DATA LISTING: Begin

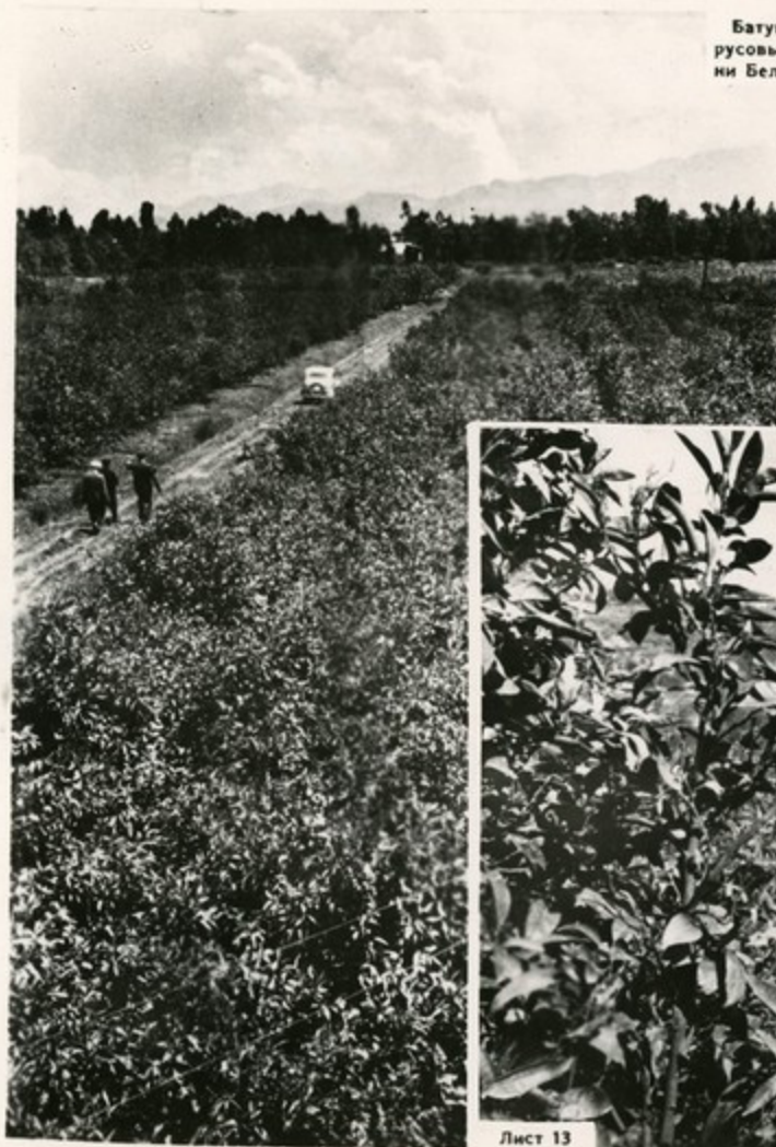
Цитрусовые плантации Цихисдзирского совхоза.

В семилетке увеличится площадь citrusовых насаждений. К 1965 году их площадь составит 6.241 гектар—на 1.000 гектаров больше, чем в 1958 году. В текущем году citrusоводы Аджарии дадут стране 450—500 миллионов штук плодов, а в конце семилетки—600 миллионов штук citrusовых плодов.
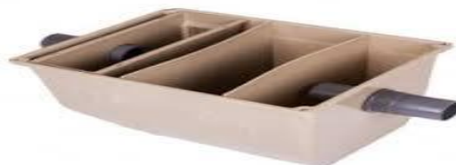
Figure 1 bac à graisse inox sous évier pour cuisine professionnelle

NB : utilisation obligatoire d'un bac à graisse , destiné à séparer la graisse et les éléments solides des eaux usées, afin d'éviter l'obturation du réseau d'évacuation et la formation de mauvaises odeurs,
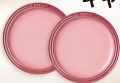
ラウンド・プレート LC 19cm 2枚入り(ナチュラルピンク) サイズ(約)直径19cm×高さ2.5cm
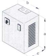
FDR5,5/3, 5-stufig 3 x 400V
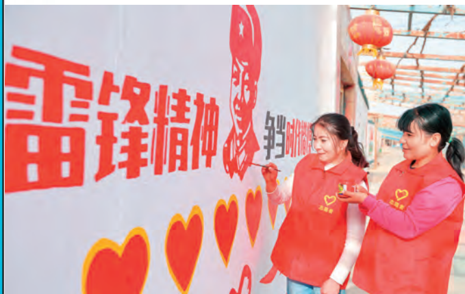
新疆库车市党员志愿者在玉奇吾斯塘乡排孜阿瓦提村绘制“雷锋精神”主题文化墙。

新疆维吾尔自治区市场监督管理局找准党建工作与业务工作的结合点,有序有效推进离退休干部党支部标准化规范化建设工作落实。明确指标重规范。制定《新疆维吾尔自治区市场监督管理局关于开展离退休干部党支部标准化规范化建设工作的通知》,提出离退休干部党支部政治思想建设、组织建设、队伍建设、活动开展、制度落实、工作保障等6个方面22项管根本、可考量的指标体系,对规范离退休干部党支部党建责任、组织生活、场所保障等作出明确要求。试点运行后,邀请组织部、纪委等多部门同志观摩指导,确保离退休干部党支部标准化规范化建设。灵活形式抓落实。采取灵活多样的形式,促进离退休干部党支部“三会一课”、组织生活、“党旗映天山”主题党日、党员教育管理 etc 等落细落实。探索利用新媒体将支部建在网上、党员连在线上,确保离退休干部党员教育管理、党组织生活全覆盖。开展离退休干部党支部调研活动,对离退休干部党员参加党组
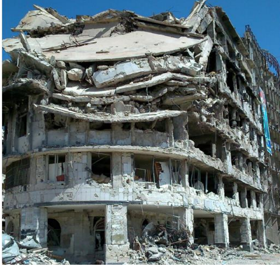
الشكل (٢) الأنهيارات الحاصلة في مبنى اتحاد عمال حمص .

نلاحظ من الصورة على الشكل (٢) وهي لمبنى اتحاد عمال حمص : انهيار بشكل كامل للبلاطات في الواجهة الجنوبية للطوابق (السادس ، الخامس ، الرابع ، والثالث )، الواجهة الشرقية والواجهة الغربية متصدعة بشكل جزئي ، يوجد بعض التصدعات والانهيارات في بعض العناصر (الأعمدة ، الجوائز ، والبلاطات ) في داخل البناء .
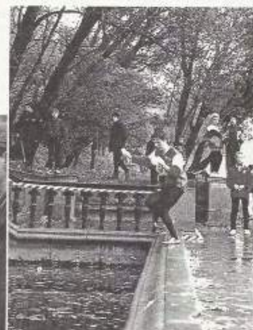
Это – не барьерный бег, а обычное парковое ориентирование
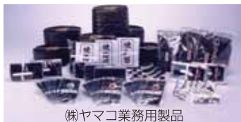
(株)ヤマコ業務用製品

<採用実績校> 九州大学、福岡大学、福岡工業大学、佐賀大学、 西九州大学、崇城大学、熊本学園大学
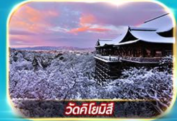
วัดคิโยมิตสึ
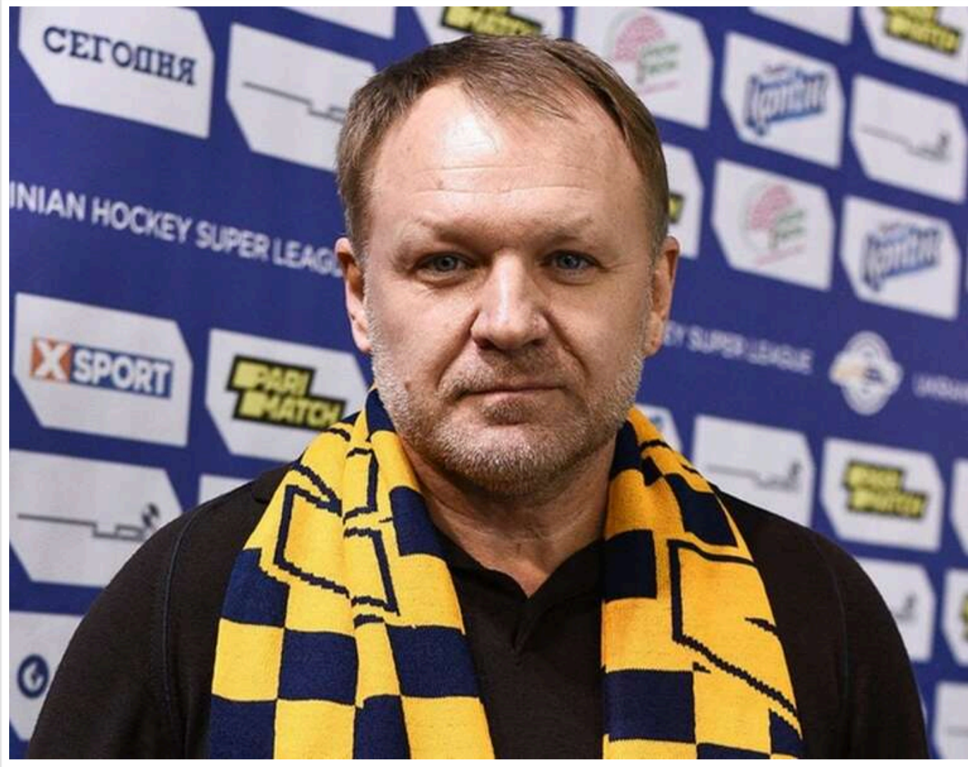
Суд відмовив компанії Кропачова в стягненні 3 мільярдів гривень з ДП «ВК "Краснолиманська"»

Господарський суд Донецької області відхилив позов ТОВ «Краснолиманське», пов'язаного з обвинуваченням у корупції Віталієм Кропачовим, про стягнення 3,012 млрд грн з ДП «Вугільна компанія "Краснолиманська"».
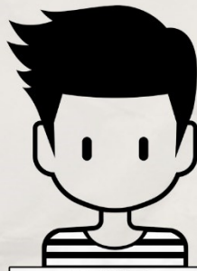
#2 KAJ L. X45
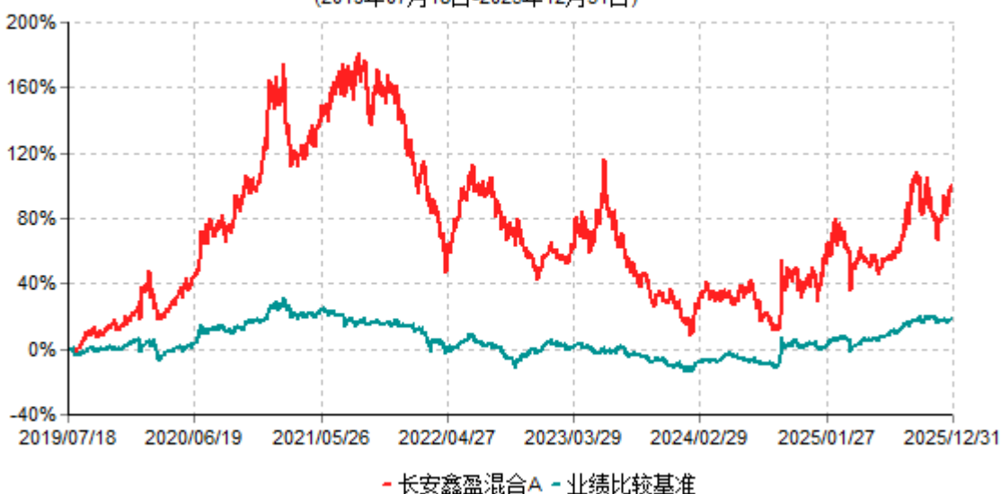
长安鑫盈混合A累计净值增长率与业绩比较基准收益率历史走势对比图 (2019年07月18日-2025年12月31日)

根据基金合同的规定,自基金合同生效之日起6个月内基金各项资产配置比例需符合基金合同要求。本基金在建仓期结束后,各项资产配置比例已符合基金合同有关投资比例的约定。基金合同生效日至报告期期末,本基金运作时间超过一年。图示日期为2019年07月18日至2025年12月31日止。
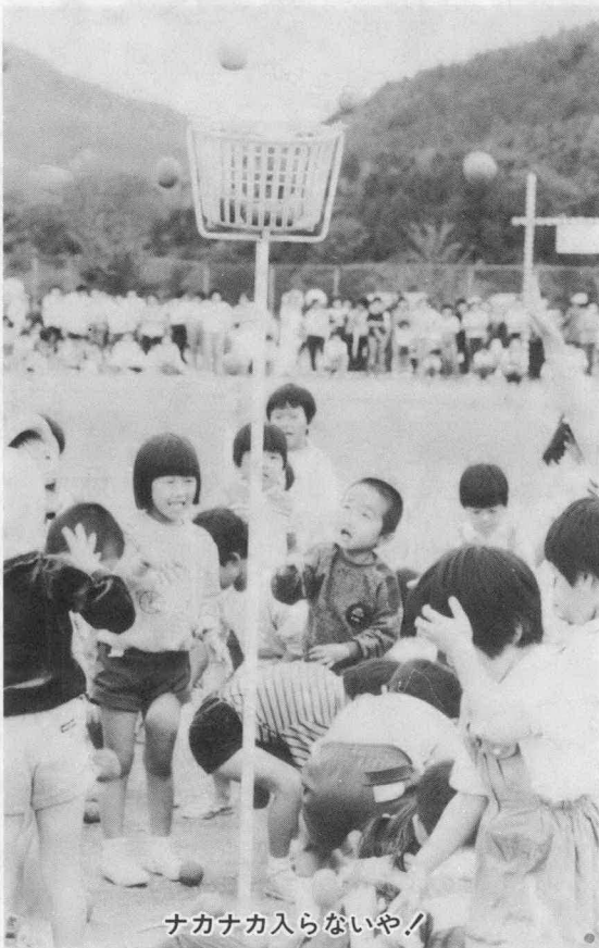
ナカナカ入らないや!
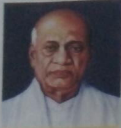
सरदार वल्लभ भाई पटेल

(क) भारत की आज़ादी के लिए लड़ने वाले इन महान व्यक्तियों को पहचानिए, व इनके नाम लिखिए-
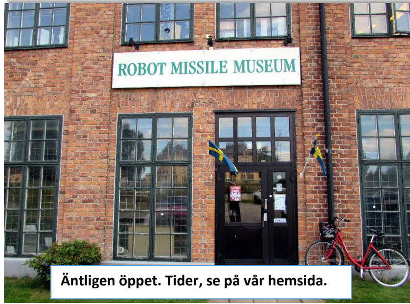
Äntligen öppet. Tider, se på vår hemsida.
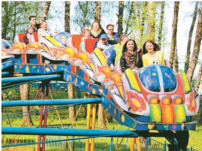
Смех, эмоции, адреналин - от «Веселых горок» захватывает дух

видеокамеры. В это же время у кассы уже выстроилась приличная очередь. - Не день, а сказка! - И правда, наконец-то тепло, - жмурясь на солнышке, сидят и болтают подружки. - Девчонки, айда кататься! - подбегают к ним ребята с заветными билетками. И компания радостно бежит на «Веселые горки». Спустя мгновение разноцветный космический корабль уже стремительно мчит их то вверх, то вниз. Девчонки визжат, мальчишки хохочут. Молодежь охватывает невероятное чувство невесомости. Рядом набирает обороты один из любимых детских аттракционов - «Ветерок». «Поех-а-а-ли!», - по-гагарински кричат мальчишки, крепко схватившись за цепи. «Мама, мама, я
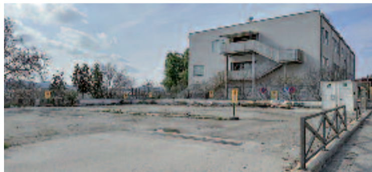
En aquest espai es construirà el nou edifici.

D'altra banda, per a poder mantenir un espai d'aparcament similar al que es perdrà, des de l'Ajuntament avancen que estan “treballant per a poder adequar un terreny, situat a l'altra cantonada”. L'actuació es farà per no perjudicar el veïnat.
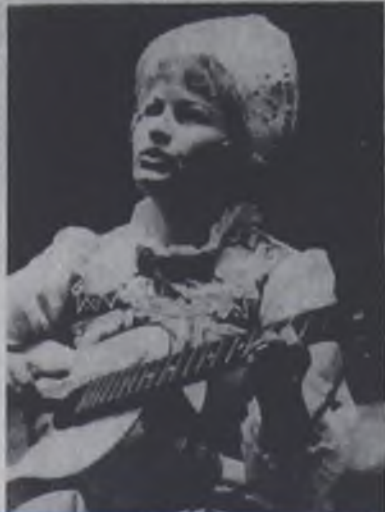
ЧТО, ГДЕ, КОГДА?

В ДК «Современник» состоялся большой концерт хоровой песни. Лучшие коллективы художественной самодеятельности города принимали участие в концерте. Большой успех выпал на женский вокальный ансамбль медицинских работников «Надежда», хор русской песни ДК «Сов-

DATA LISTING: End

● **YOUR ASSIGNMENT**
Among the lines above, which contain the word "graisse"? Copy every one.

● **ANSWER TO THIS PROBLEM**
Figure 1 bac à graisse inox sous évier pour cuisine professionnelle
NB : utilisation obligatoire d'un bac à graisse , destiné à séparer la graisse et les éléments solides des eaux usées, afin d'éviter l'obturation du réseau d'évacuation et la formation de mauvaises odeurs,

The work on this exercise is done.